*** Opening of Records to use ***

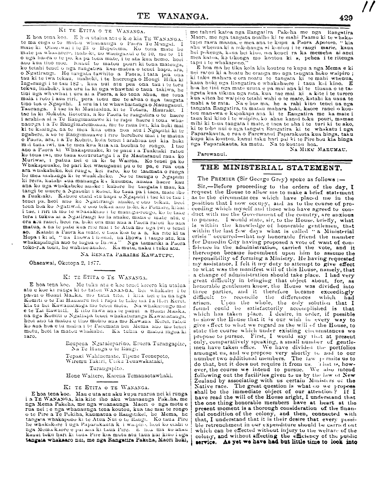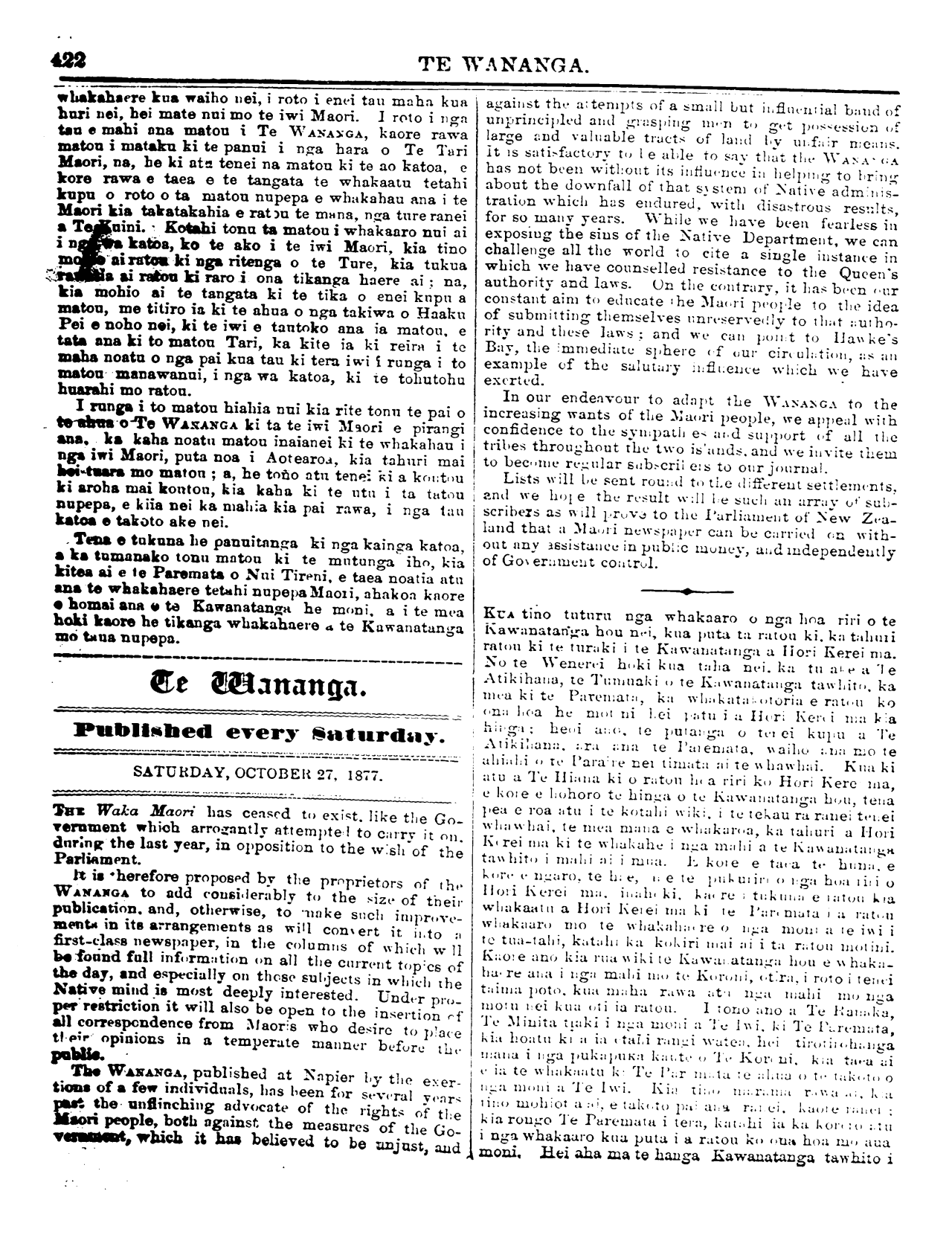 Te Wananga 1874-1878: Volume 4, Number 43. 27 October 1877 |
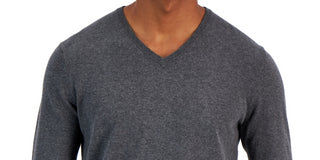 Suéter de algodão com decote em V liso Alfani masculino, cinza, tamanho médio
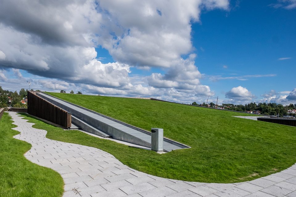 Holmen水上运动中心位于Holmen海滩,这里经过填海造陆,保护和巩固了场地的自然属性。整个场地被花园覆盖,为海滩带来非凡的美景。该项目旨在活化建筑的屋顶,使之成为海滩休闲区域的一部分。铺满植被的屋顶向南面倾斜,在Oslo fjord的群岛和礁石之上形成连续不断的景观。主入口、接待处、更衣室和游泳池皆位于建筑的主楼层,凌驾于向建筑方向倾斜的草坪之上。低处的楼层则容纳了体育馆、多功能厅、设备间以及办公设施等。
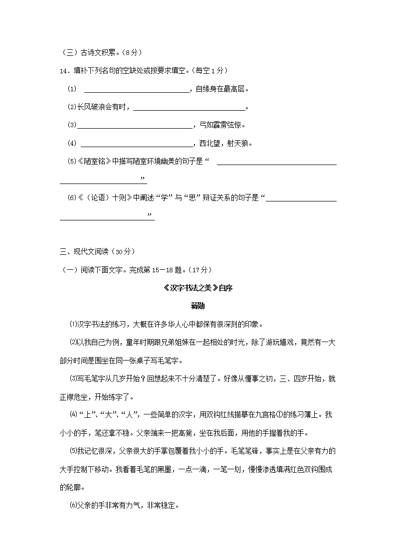 【文档预览】 无忧考网整理发布2015年江西上饶中考语文真题及答案(Word版),前五页预览如下:
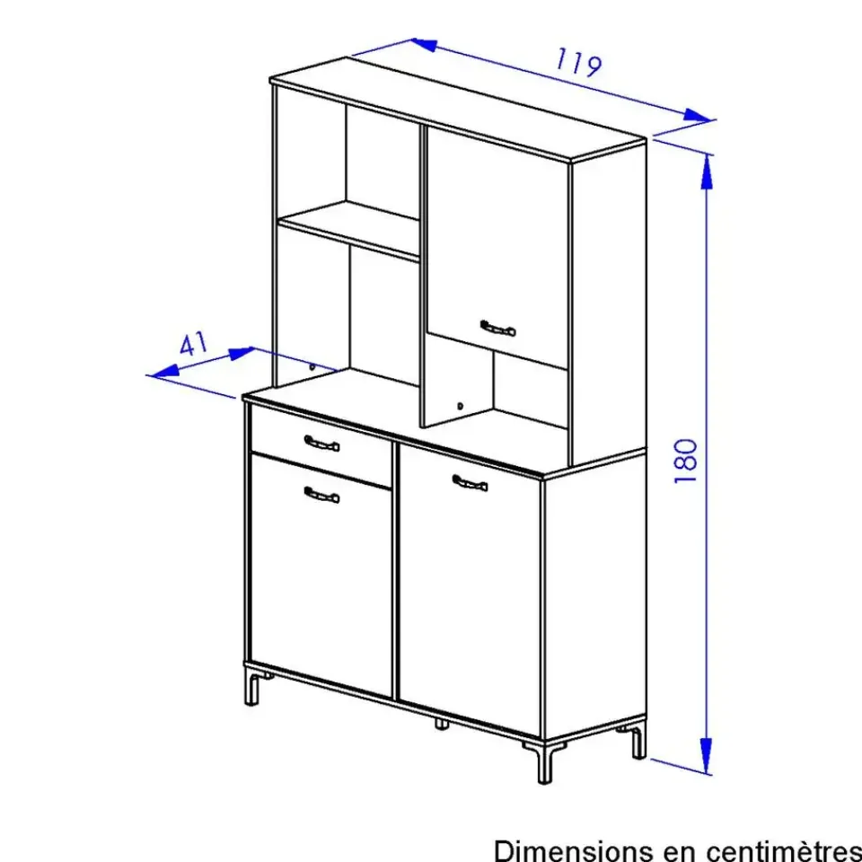 - 119cm x 41cm x 180cm (lengte x breedte/diepte x hoogte)
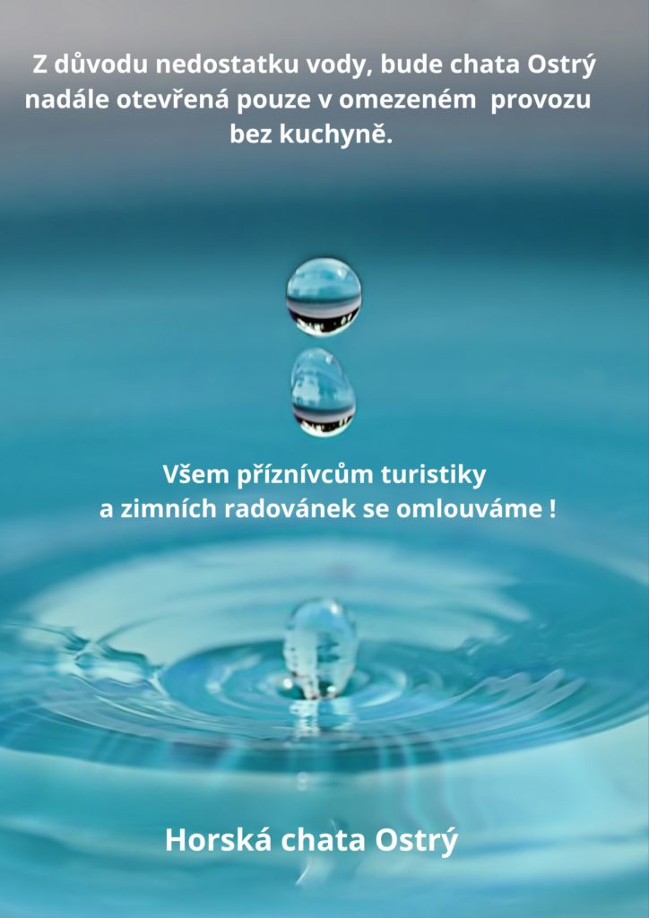 Z důvodu nedostatku vody bude chata Ostrý nadále otevřena pouze v omezeném provozu bez kuchyně!
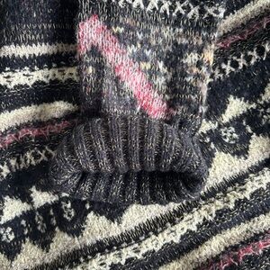 Wool blend (nylon, wool, acrylic) long sweater with two pockets in the front. Gorgeous aztec print throughout give it a nice cabin-side firepit feel. Super cozy sweater.
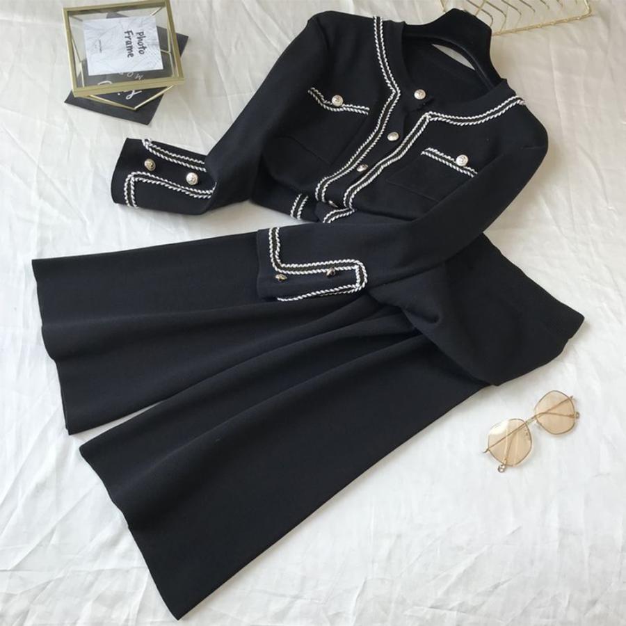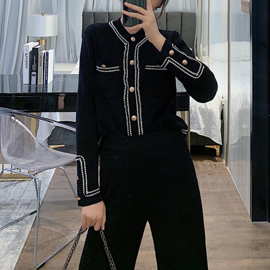 モノトーンの配色ステッチがトレンド感抜群、レトロな雰囲気に導くニット生地セットアップ
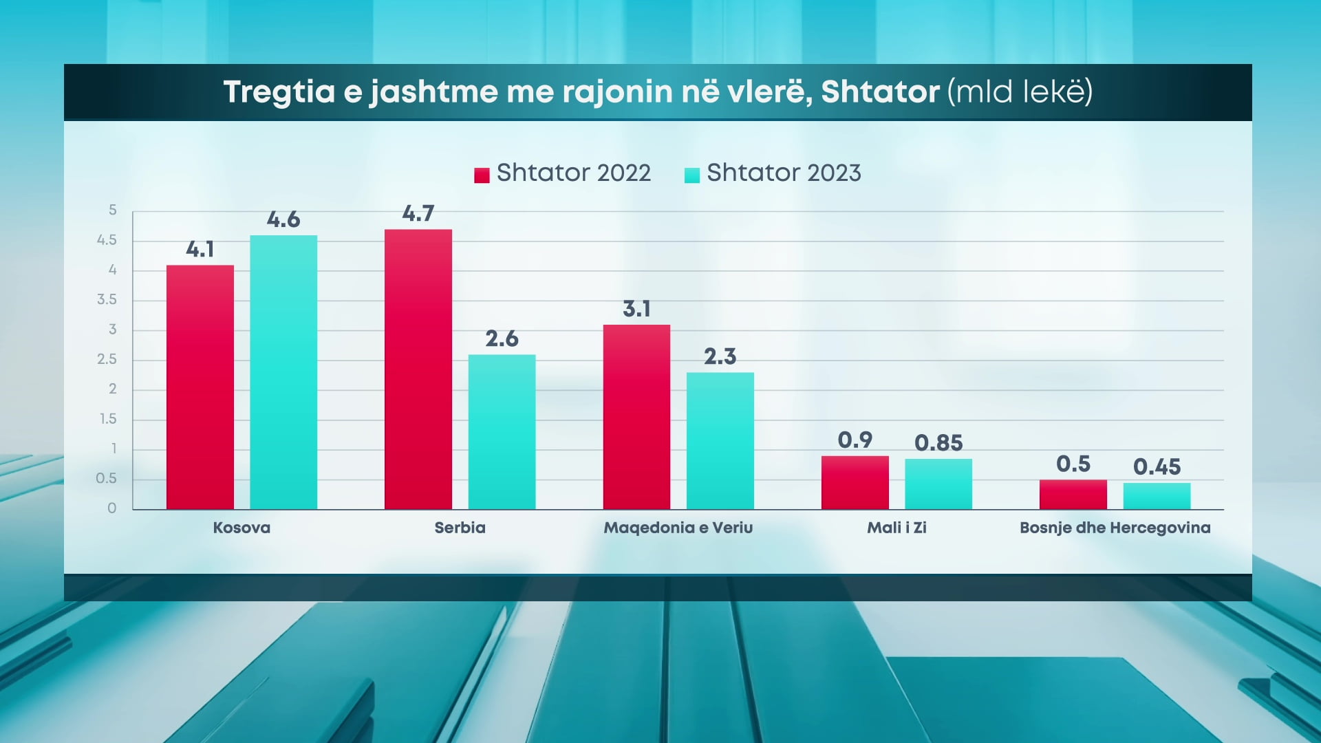 Në analizë janë marrë shkëmbimet në vlerë dhe në sasi me Kosovën, Serbinë, Maqedoninë e Veriut, Malin e Zi dhe Bosnje Hercegovinën, ku rezulton se efektet e kursit duket se nuk kanë prekur vetëm Kosovë, pasi është i vetmi shtet me të cilin shkëmbimet në vlerë dhe në sasi janë rritur ndjeshëm në muajin Shtator, duke arritur në 4.6 miliardë lekë. Ndërsa shtetet e tjera kanë pasur një rënie sa i takon tregtisë së jashtme me vendin tonë, ku më së shumti vihet re në shkëmbimet me Serbinë, që edhe pse në sasi janë rritur, në vlerë thuajse janë përgjysmuar. Bosnje-Hercegovina renditet në vendin e fundit në rajon sa i takon shkëmbimeve tregtare me Shqipërinë.
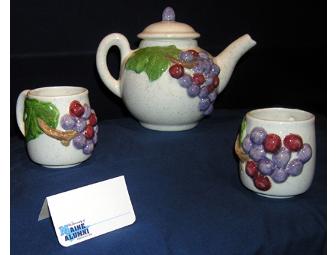 This hand-crafted pottery set includes a 4-cup tea pot and 2 matching mugs.The tea pot is a serving pot and not recommended to be put on a stove. All items are food and dishwasher safe.
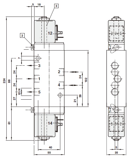Description:5/2 way, single solenoid coil5/2 way, Double solenoid coils
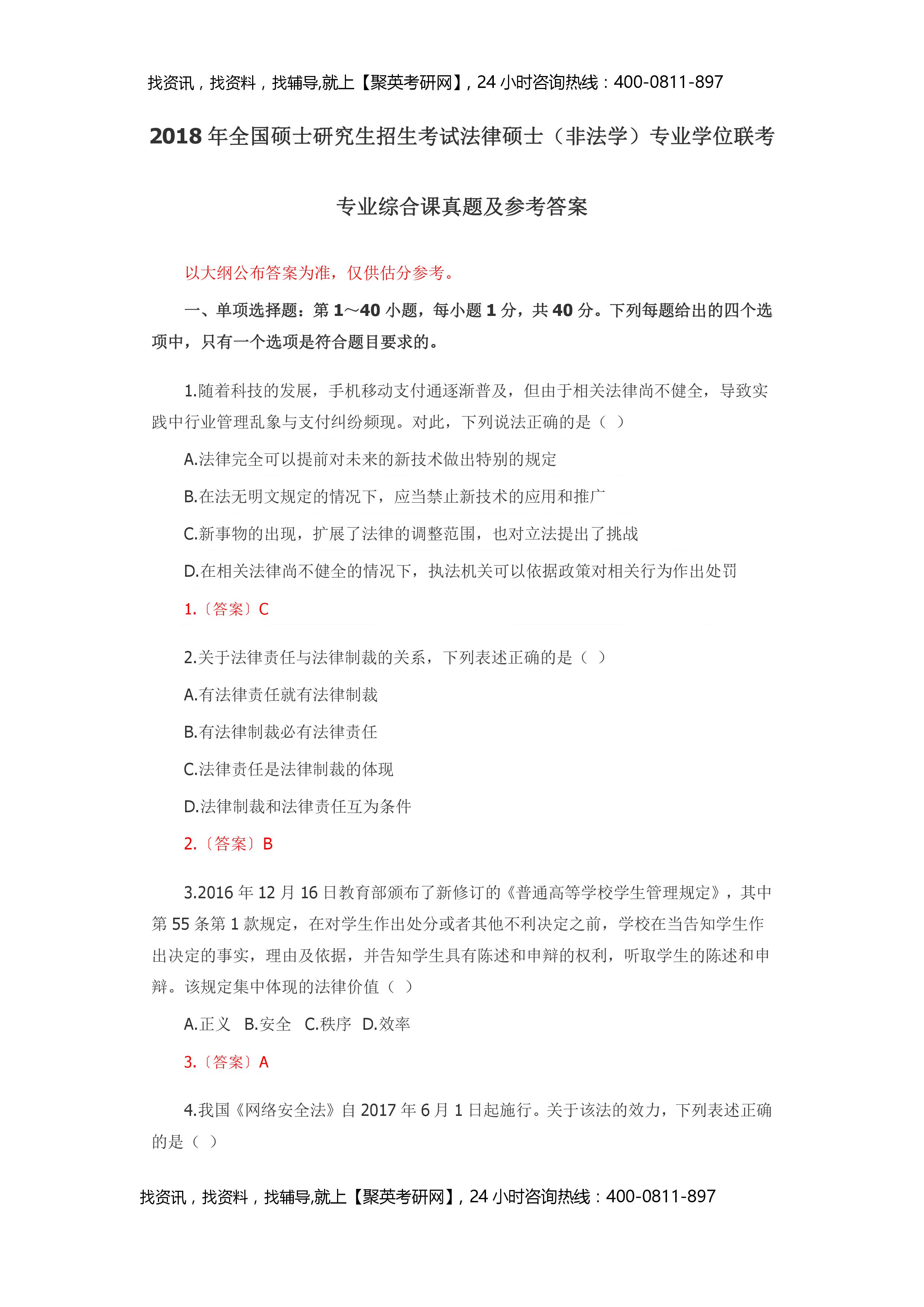 以上是聚创考研网为考生整理的"2018年全国硕士研究生招生考试法律硕士 (非法学)专业学位联考专业综合课真题及参考答案"的相关考研信息,希望对大家考研备考有所帮助! 备考过程中如有疑问,也可以添加老师微信juchuang911进行咨询。

*** Close of Records to use ***

§ **Task goal**
Reproduce the records above exactly, but only from the line with "This hand-crafted pottery" up to and including the line with "Description:5/2 way, single". Leave the pictures out.

§ **Answer space**
 This hand-crafted pottery set includes a 4-cup tea pot and 2 matching mugs.The tea pot is a serving pot and not recommended to be put on a stove. All items are food and dishwasher safe.
Description:5/2 way, single solenoid coil5/2 way, Double solenoid coils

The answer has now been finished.